For example, the video diffusion model 102 can have been trained on a set of training images based on optimizing a pre-training objective function defined as:

ℒ θ ( v ) = 𝔼 ϵ ∼ N ⁡ ( 0 , I ) , s ∈ 𝒰 ⁡ ( 0 , 1 ) ⁢  D θ ( z s , s , t , c ) - v  2 ( 1 )

In Equation (1), D_θ represents the video diffusion model 102 that has a set of parameters θ and that is configured to receive a diffusion model input that includes (i) a noisy representation z_s of the ground truth video v, (ii) data identifying a time step s, (iii) a text prompt t, and (iv) a conditioning video c (e.g., a lower resolution version of the ground truth video v that is being predicted by the video diffusion model 102), and to process the diffusion model input in accordance with the set of parameters θ to generate a noise output that can be used to generate an updated (e.g., de-noised) intermediate representation of the ground truth video v. ∈ is noise that is sampled from a noise distribution (e.g., a Gaussian distribution N(0, I)). The noisy representation z_s of the ground truth video can be given by z_s=γ_sv+σ_s∈, where

γ s = 1 - σ s 2

and σ_s is the noise level at time step s.
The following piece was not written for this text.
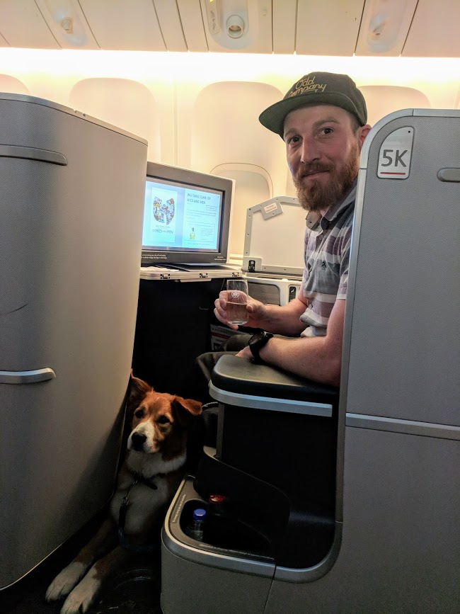 As a medium-sized dog, he does fine in preferred seats in economy, but I find premium economy or North American-style business class seats work best as he can lie down and move around relatively freely (especially when the adjacent seat is empty). Pods are okay, too (they’re pretty much like a den), but due to the flooring being uneven, I think it’s harder for him to get and remain comfortable.

Examples architectures of video diffusion models as well as techniques for training such models are described in more detail in Jonathan Ho, et al., Imagen video: High definition video generation with diffusion models. arXiv preprint arXiv: 2210.02303 (2022), Jonathan Ho, et al., Video diffusion models. arXiv preprint arXiv: 2204.03458, 2022, Lijun Yu, et al., Magvit: Masked generative video transformer. arXiv preprint arXiv: 2212.05199, and Uriel Singer, et al., Make-a-video: Text-to-video generation without text-video data. arXiv preprint arXiv: 2209.14792 (2022), the entire contents of which are hereby incorporated by reference herein in their entirety.

The fine-tuning system 120 obtains a fine-tuning dataset 130 and uses the fine-tuning dataset 130 to fine-tune the pre-trained video diffusion model 102, i.e., to update the pre-trained values of the parameter of the video diffusion model 102. The fine-tuning dataset 130 includes a plurality of video clips 132, where each video clip 132 includes a plurality of consecutive video frames. The fine-tuning dataset 130 also includes a plurality of unordered video frames 134. Each video frame 134 can be an individual image.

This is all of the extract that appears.